WHAT TO DO: Take the lines from the one containing "<献立>牛乳・クリームスパゲッティ・バジルサラダ・りんご" through the final line below and restate them exactly. Omit the pictures.

--- GIVEN RECORDS Enclosed Below ---

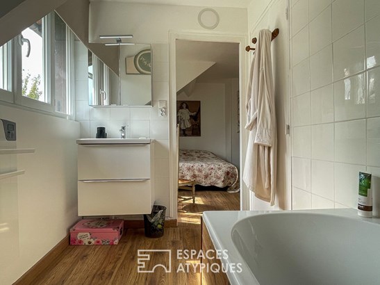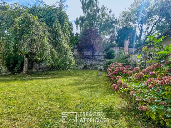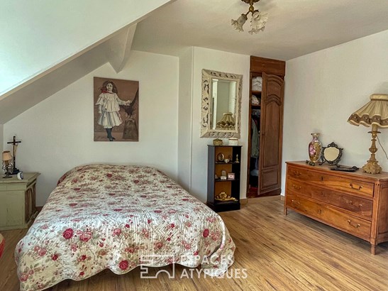 The upper floor leads to a landing leading to two cozy bedrooms and a bathroom. Outside, the terrace opens onto a lush, secluded garden, ideal for moments of tranquility. The land is fully enclosed and allows you to park up to 3 vehicles. With its outbuildings, including a second house to renovate, the development potential is immense.
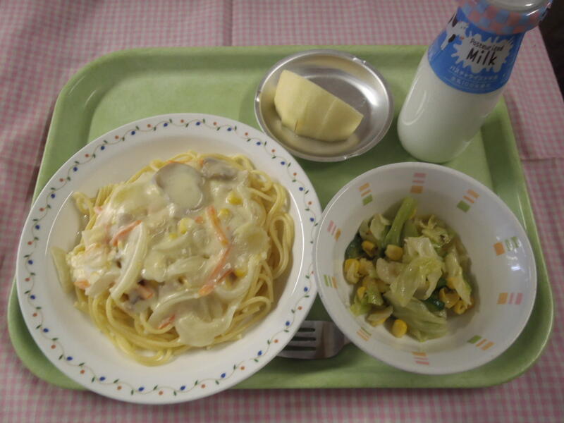 <献立>牛乳・クリームスパゲッティ・バジルサラダ・りんご
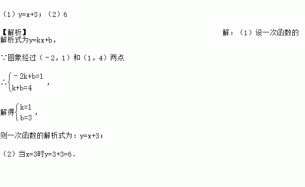 一次函数图象经过(﹣2,1)和(1,4)两点,
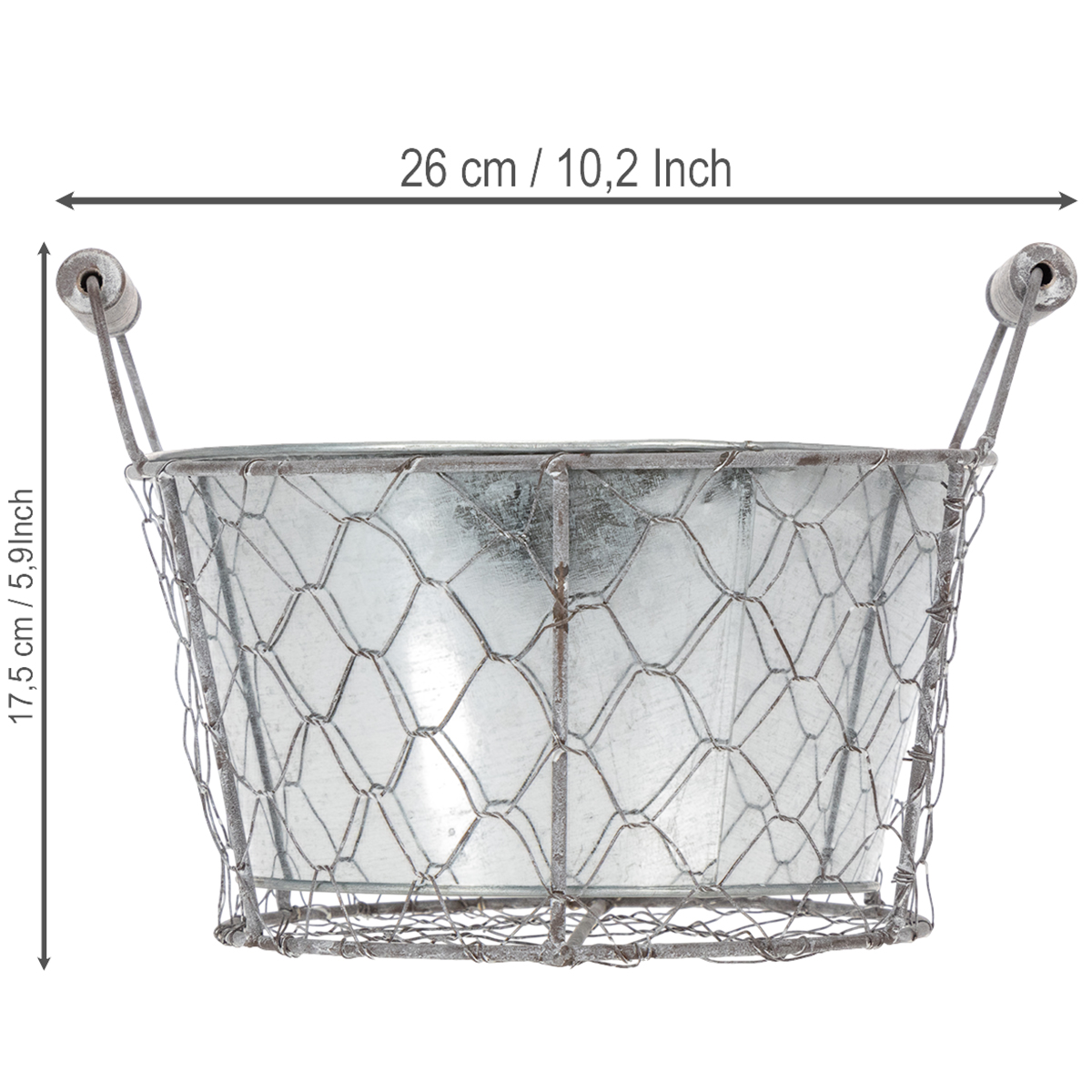Drôtený košík má odnímateľný kovový podnos, ktorý môžete použiť spoločne alebo samostatne na kvetinové aranžmány. Ak plánujete do košíka zasadiť kvety, mali by ste kovovú nádobu vopred vystlať fóliou. Zabránite tak neskoršiemu vytekaniu zeminy a vody. Košík je tak ideálny aj ako základ pre kvetinové aranžmány pri dekorácii stola. Stačí pridať trochu peny z rezaných kvetov a v tomto kovovom koši môžete vytvoriť nádherné jarné dekorácie na Veľkú noc.
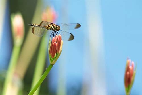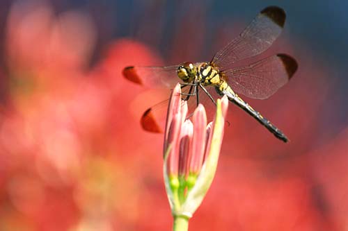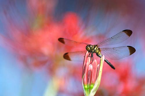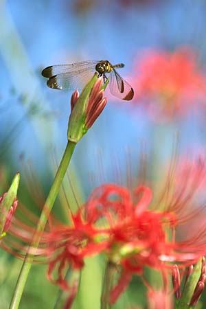 今度は咲いた彼岸花と青空をバックにトンボを配置してみました。
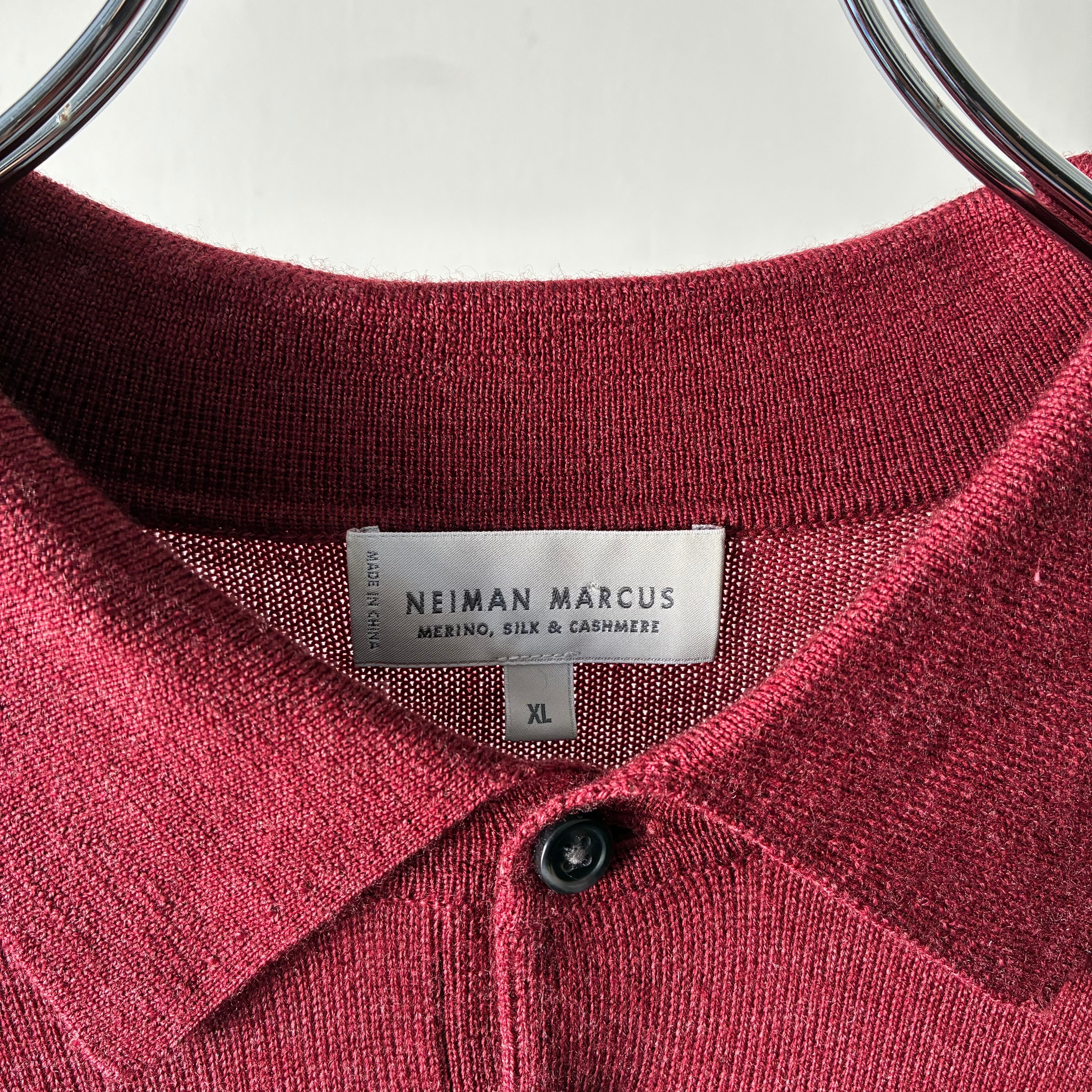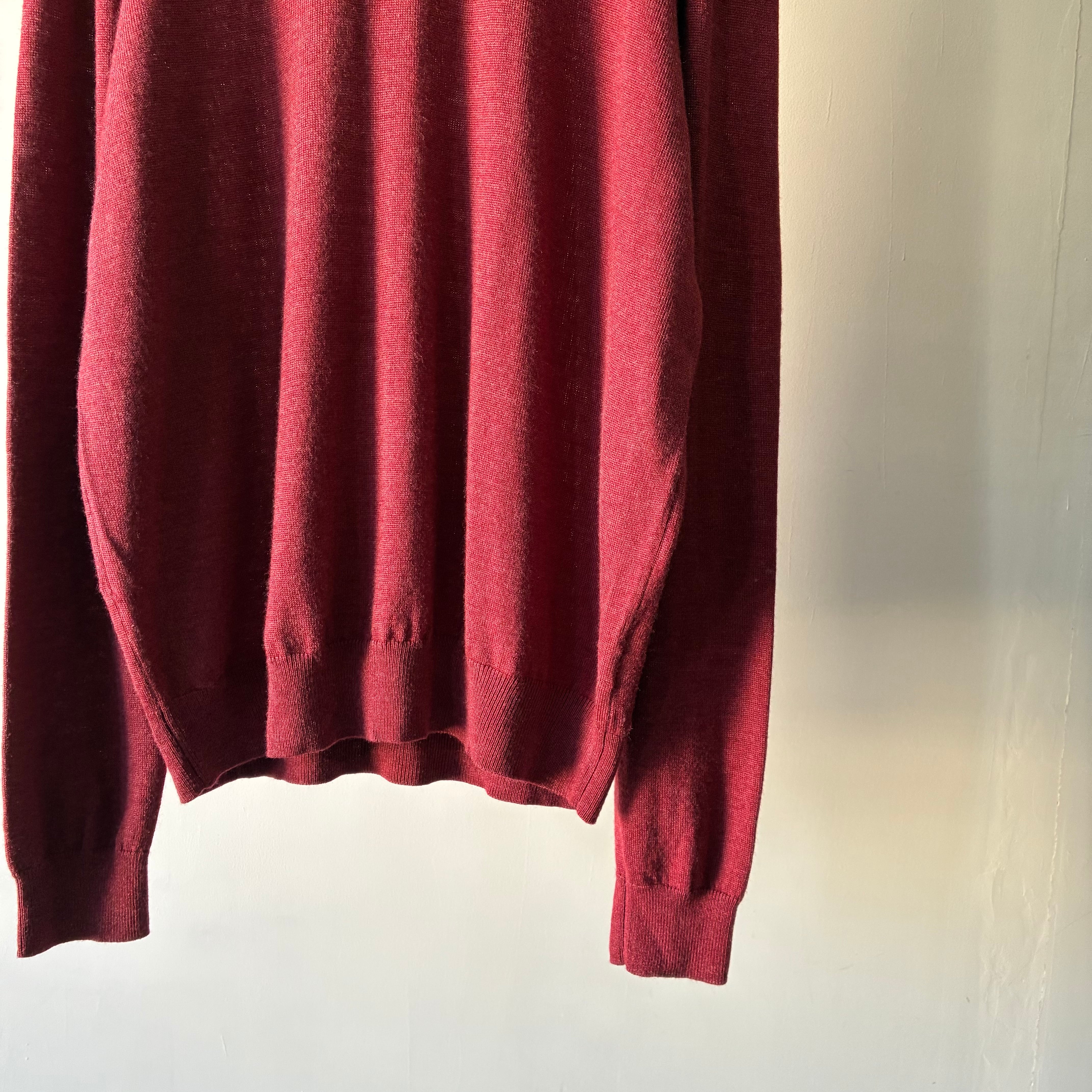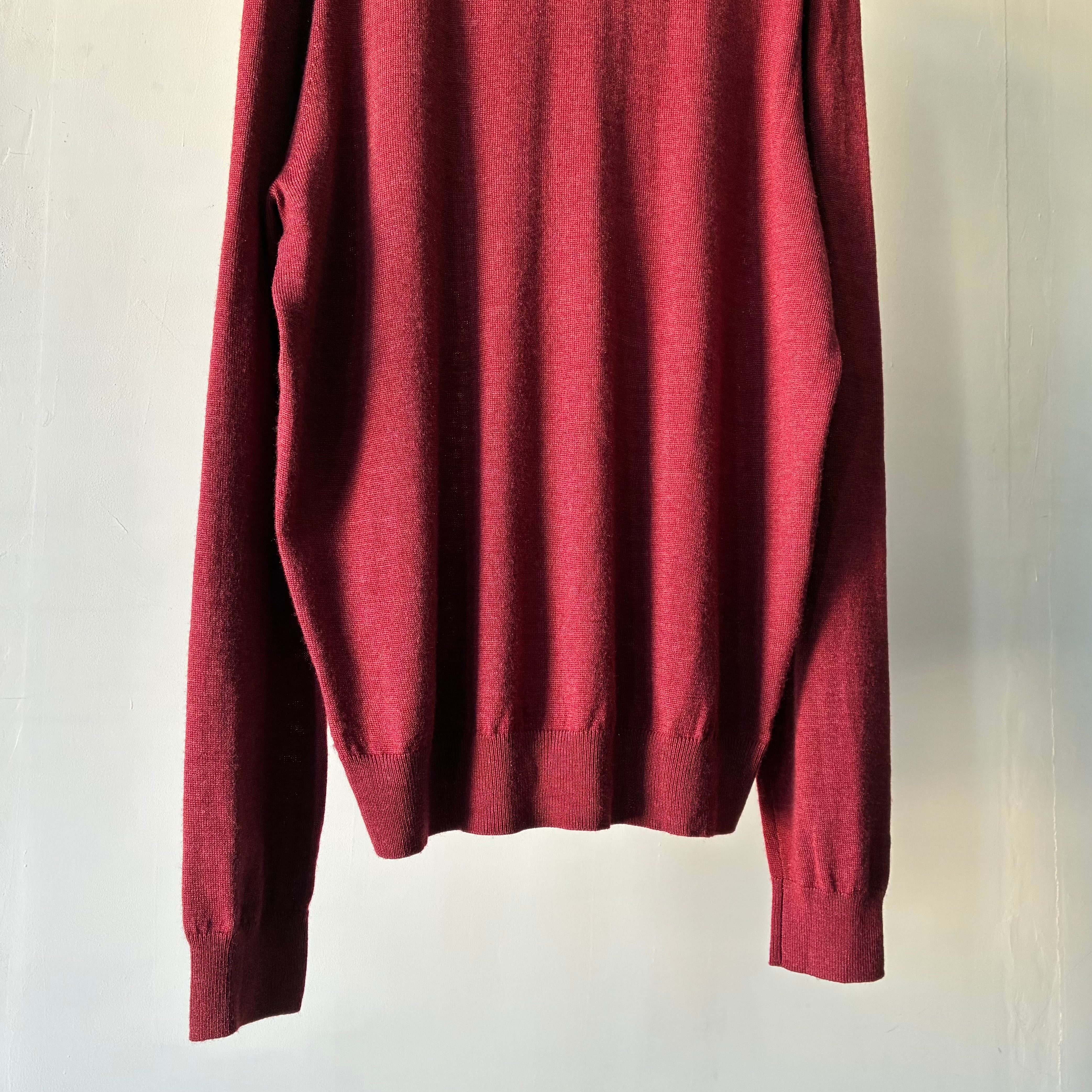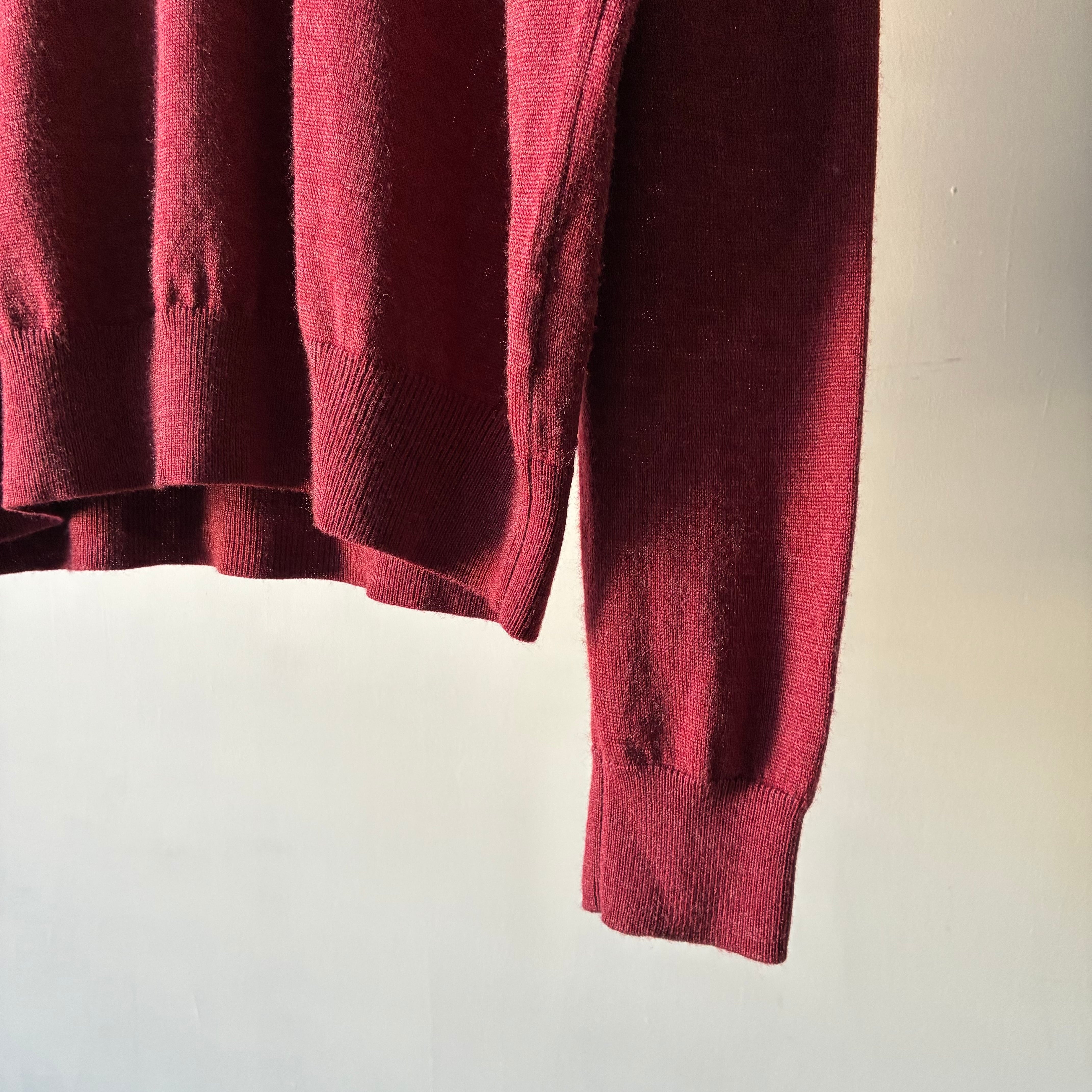 深みのあるレッドカラーが映えるシンプルかつ上品な印象のニットポロシャツ

--- End of Enclosed GIVEN RECORDS ---

WORKED SOLUTION:
 <献立>牛乳・クリームスパゲッティ・バジルサラダ・りんご
 一次函数图象经过(﹣2,1)和(1,4)两点,
Drôtený košík má odnímateľný kovový podnos, ktorý môžete použiť spoločne alebo samostatne na kvetinové aranžmány. Ak plánujete do košíka zasadiť kvety, mali by ste kovovú nádobu vopred vystlať fóliou. Zabránite tak neskoršiemu vytekaniu zeminy a vody. Košík je tak ideálny aj ako základ pre kvetinové aranžmány pri dekorácii stola. Stačí pridať trochu peny z rezaných kvetov a v tomto kovovom koši môžete vytvoriť nádherné jarné dekorácie na Veľkú noc.
 今度は咲いた彼岸花と青空をバックにトンボを配置してみました。
 深みのあるレッドカラーが映えるシンプルかつ上品な印象のニットポロシャツ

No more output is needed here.